»»

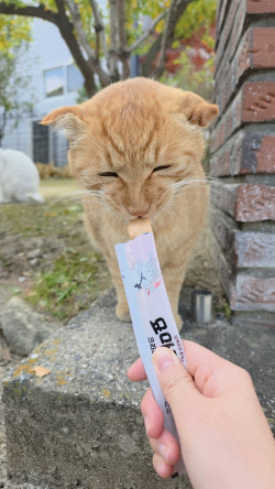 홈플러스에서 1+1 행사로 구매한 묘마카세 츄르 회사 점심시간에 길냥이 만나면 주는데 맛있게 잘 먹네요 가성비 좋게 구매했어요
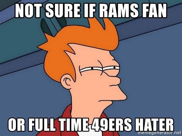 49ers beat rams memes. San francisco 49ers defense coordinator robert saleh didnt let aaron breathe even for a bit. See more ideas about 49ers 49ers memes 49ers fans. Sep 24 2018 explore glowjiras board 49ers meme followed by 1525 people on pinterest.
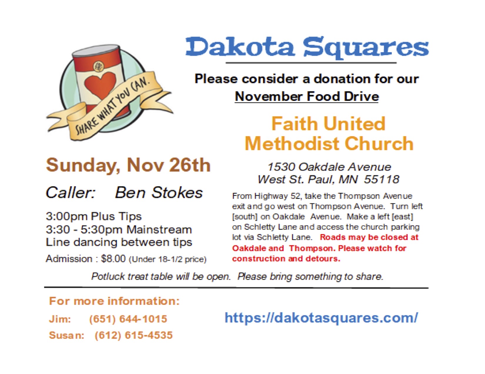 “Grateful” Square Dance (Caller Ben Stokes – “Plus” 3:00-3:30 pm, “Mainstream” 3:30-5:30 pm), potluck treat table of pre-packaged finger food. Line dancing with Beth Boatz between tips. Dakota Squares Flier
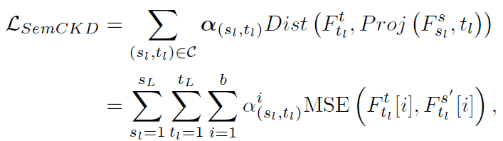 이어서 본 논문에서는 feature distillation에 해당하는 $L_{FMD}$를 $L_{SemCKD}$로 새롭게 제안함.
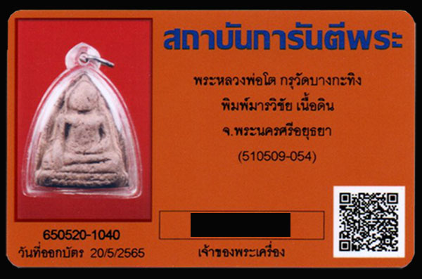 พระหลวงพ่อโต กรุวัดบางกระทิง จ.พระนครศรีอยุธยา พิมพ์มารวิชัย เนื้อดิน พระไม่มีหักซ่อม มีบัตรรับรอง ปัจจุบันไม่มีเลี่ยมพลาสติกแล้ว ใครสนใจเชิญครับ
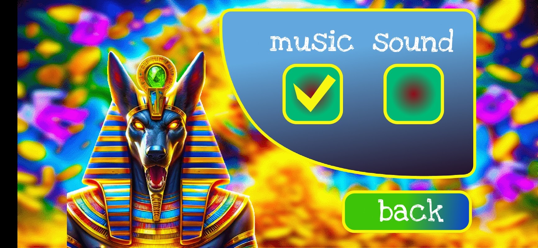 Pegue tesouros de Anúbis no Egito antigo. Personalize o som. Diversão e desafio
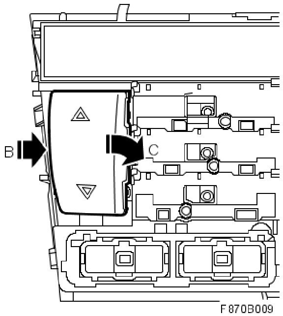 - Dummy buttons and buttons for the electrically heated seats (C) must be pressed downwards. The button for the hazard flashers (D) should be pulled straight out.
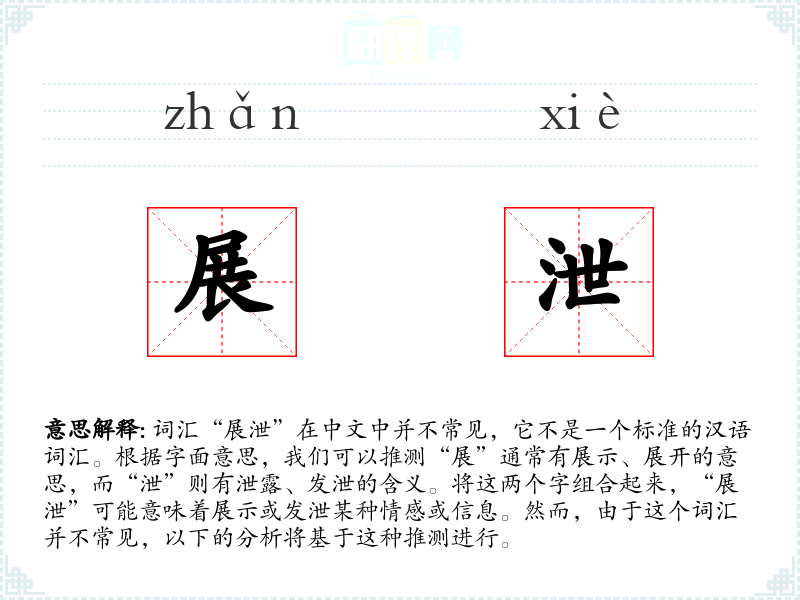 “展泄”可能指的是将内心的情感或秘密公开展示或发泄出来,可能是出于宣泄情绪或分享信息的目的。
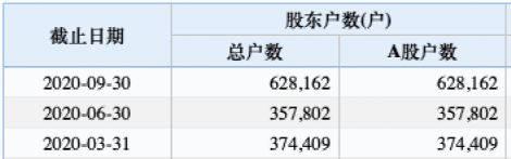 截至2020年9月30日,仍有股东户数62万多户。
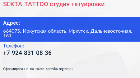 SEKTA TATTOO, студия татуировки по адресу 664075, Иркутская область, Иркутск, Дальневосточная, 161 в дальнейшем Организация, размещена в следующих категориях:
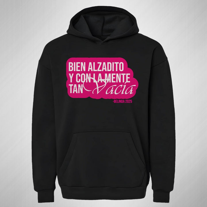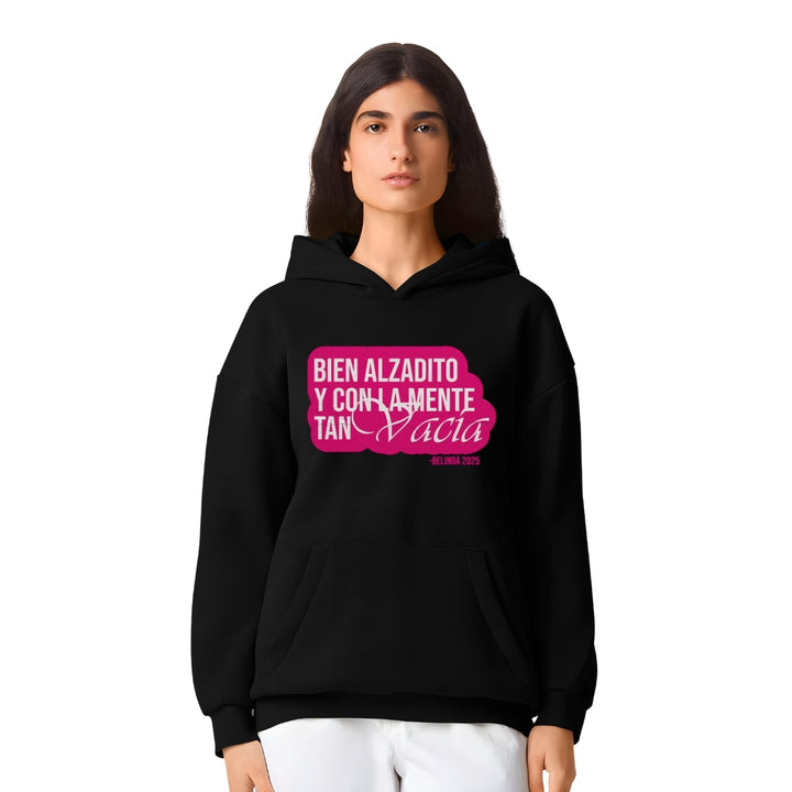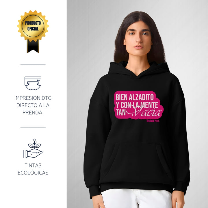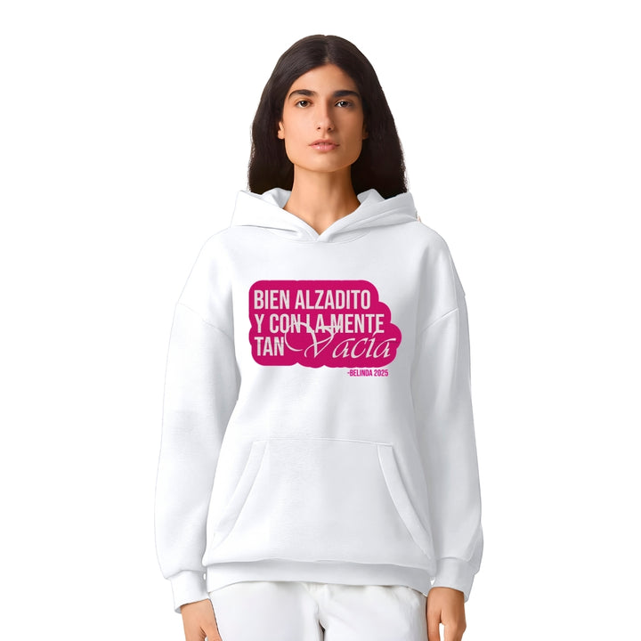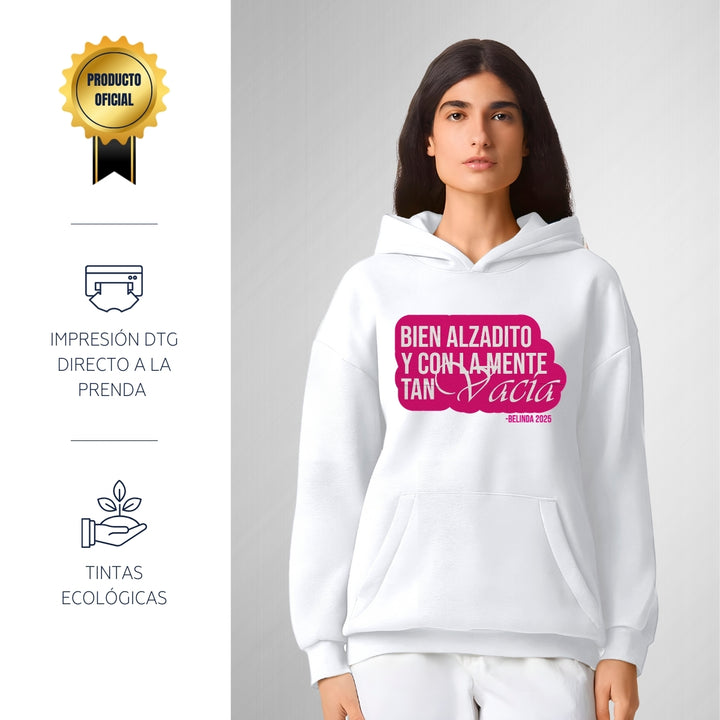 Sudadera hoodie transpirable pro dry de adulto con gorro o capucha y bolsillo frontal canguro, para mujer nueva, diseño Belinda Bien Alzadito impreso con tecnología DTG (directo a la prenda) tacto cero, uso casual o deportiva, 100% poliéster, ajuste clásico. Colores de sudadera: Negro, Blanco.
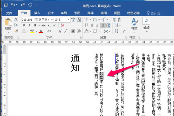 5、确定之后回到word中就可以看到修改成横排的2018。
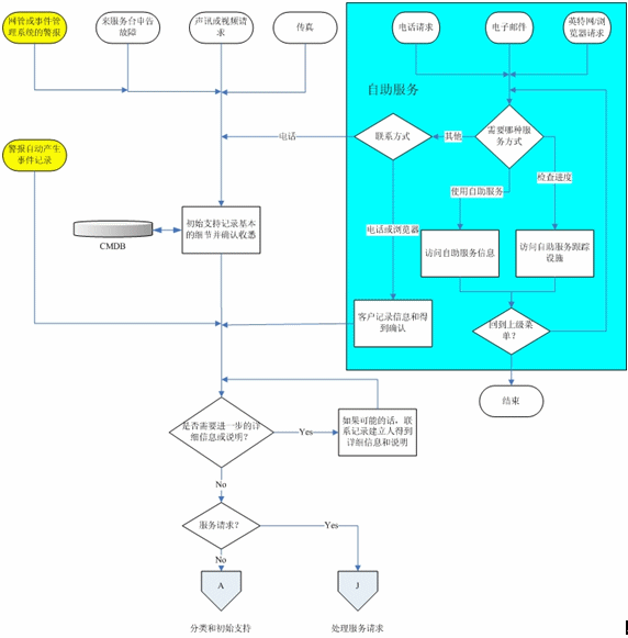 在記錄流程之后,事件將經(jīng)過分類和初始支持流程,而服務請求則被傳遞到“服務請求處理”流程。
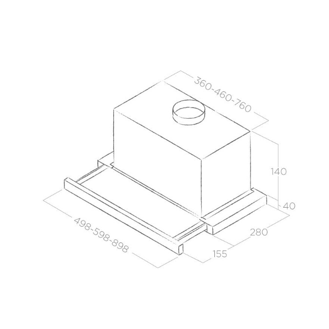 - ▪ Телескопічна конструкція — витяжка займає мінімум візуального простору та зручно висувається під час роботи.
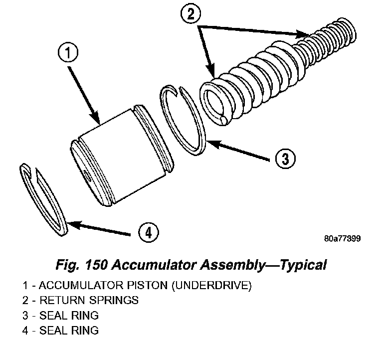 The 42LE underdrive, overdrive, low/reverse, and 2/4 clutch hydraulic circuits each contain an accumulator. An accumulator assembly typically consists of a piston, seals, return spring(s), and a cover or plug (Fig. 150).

««

◆ **Your instructions**: In the listing above, find the line containing "พระหลวงพ่อโต กรุวัดบางกระทิง จ.พระนครศรีอยุธยา" and the line containing "- Dummy buttons", then return both of them and every line between, exactly, without pictures.

◆ **Response**:
 พระหลวงพ่อโต กรุวัดบางกระทิง จ.พระนครศรีอยุธยา พิมพ์มารวิชัย เนื้อดิน พระไม่มีหักซ่อม มีบัตรรับรอง ปัจจุบันไม่มีเลี่ยมพลาสติกแล้ว ใครสนใจเชิญครับ
 Pegue tesouros de Anúbis no Egito antigo. Personalize o som. Diversão e desafio
 - Dummy buttons and buttons for the electrically heated seats (C) must be pressed downwards. The button for the hazard flashers (D) should be pulled straight out.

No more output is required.